After years of losses, Chinese manufacturer Xpeng finally posted a green first quarter. Between price wars and the end of aid, this fragile respite could quickly close.
On paper, it ticked all the boxes of the manufacturer condemned to burn cash for years. Ultra competitive market, price war, massive investments in technology: the Chinese Xpengspecialist in
electric carhas long lost money in each financial year. And yet, at the turn of 2026, a line has finally changed color on its accounts.
After years in the red, the brand has just reached a symbolic milestone: for the first time since its creation,
it announces a profitable quarter. A turnaround based on a surge in sales, better cost control and new revenues in services and technology, but which remains very exposed to the Chinese economic climate. And there, when we look closely at the figures and forecasts for 2026, the balance seems much less comfortable than it appears at first glance.

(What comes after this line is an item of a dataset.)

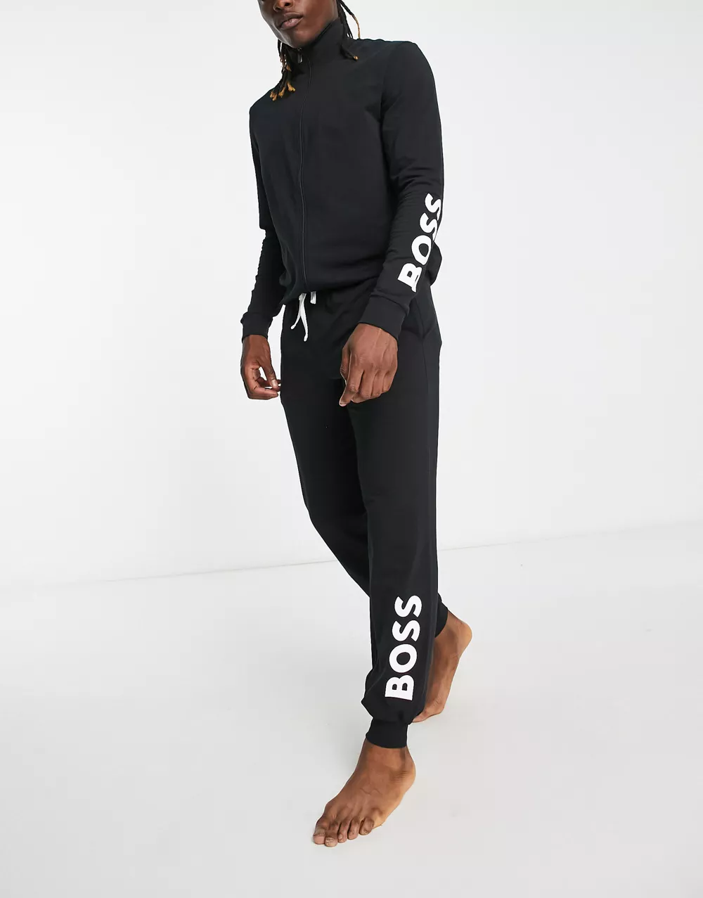 - BOSS Bodywear vertical logo zip through sweatshirt and joggers set in black

Xpeng goes green: a first historic net profit
The turning point occurred in the fourth quarter of 2025. Over this period, Xpeng released a net profit 380 million yuan, or around 48 million eurosaccording to its financial results. A year earlier, in the fourth quarter of 2024, the same manufacturer still posted a loss of 1.33 billion yuan, the equivalent of 167 million euros. The contrast is spectacular.

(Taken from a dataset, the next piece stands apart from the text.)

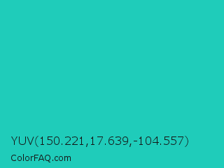 YUV 150.221,17.639,-104.557 Color is a normal cyan color and the nearest color is Java #1fc2c2. Hex code #1fccba and RGB value is rgb(31,204,186). In RGB color space, this color is composed of 12% red, 80% green, 73% blue, In CMYK color space, this color is composed of 85% cyan, 0% magenta, 9% yellow , 20% black , In HSL color space, this color has a hue angle of 174° , 74% saturation and 46% lightness.

This shift is based on a clear improvement in profitability. The gross margin reached 21.3% in the fourth quarter of 2025, up significantly year-on-year. At the same time, deliveries have exploded: from 141,601 vehicles in 2023 to 429,445 in 2025, an increase of 203%. Over the whole of 2025, turnover jumped by almost 90% compared to 2024. The company, however, remains in deficit for the year: the net loss is limited to 1.14 billion yuan, approximately 143 million euros, compared to 5.79 billion yuan, or 728 million euros, in 2024. The trajectory therefore remains negative, but the loss has been divided by more than four in one year, a pace of recovery rarely seen in the sector.

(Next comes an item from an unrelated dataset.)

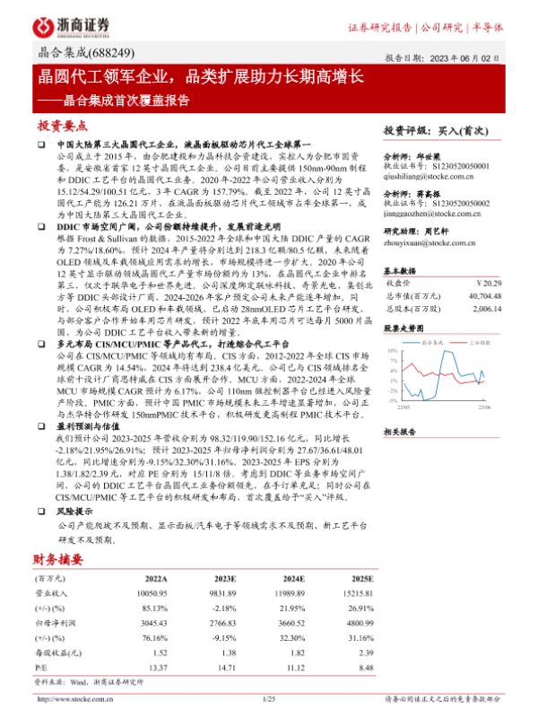 【浙商证券】【20230602】晶合集成首次覆盖报告:晶圆代工领军企业,品类扩展助力长期高增长-25页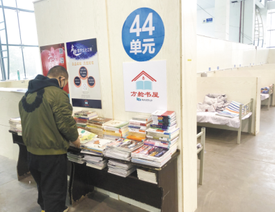 湖北省圖書館參與建設了13家方艙書屋,圖為書屋內景。

Profitability still fragile, under pressure in China and Europe
Behind this spectacular rise, several levers appear in the accounts. The explosion in volumes allows for economies of scale and better utilization of factories, which reduces the unit cost of cars. The brand is also talking about a more aggressive pricing strategy on its domestic market, facing intense local competition. Added to this are efforts on industrial costs and the rise of ancillary activities, such as services and technology. Revenues linked to these services, but also to technological licenses granted to other manufacturers, increased significantly in 2025.
According to public data, licensing agreements have already generated more than 1.7 billion yuan in revenue, or around 215 million euros, over the year. Enough to attract the attention of partners like Volkswagen, with whom Xpeng has signed an industrial partnership. The Jefferies bank, cited by Investing.com, did not hesitate to describe Xpeng as the bank’s “preferred manufacturer”.
2026 prospects under pressure despite an offensive in Europe
For 2026, the picture is much less linear. In China, the end of certain public subsidies for electric vehicles is weighing on demand. The price war between local players compresses margins, even for those who are just starting to taste profitability.
Xpeng is targeting between 61,000 and 66,000 deliveries in the first quarter of 2026, which would represent a drop of around 30% compared to the same period a year earlier. A decline which reminds us to the extent to which the financial balance just achieved can quickly be called into question if volumes decline or if discounts multiply.
In Europe, however, the brand is advancing its pawns. Models destined for our continent are assembled at Magna Steyr in Graz, Austria, which avoids European customs duties. In France, Xpeng has already relied on a network of around 70 dealerships in 2025, for just over 3,300 registrations and an average network profitability close to 0.5%. The stated objective is to reach around a hundred points of sale and around 6,000 registrations in 2026. For French motorists, this translates into an additional offer of electric SUVs and sedans, with prices that are often aggressive compared to historic brands, in a context where each new profitable player makes the competition even keener.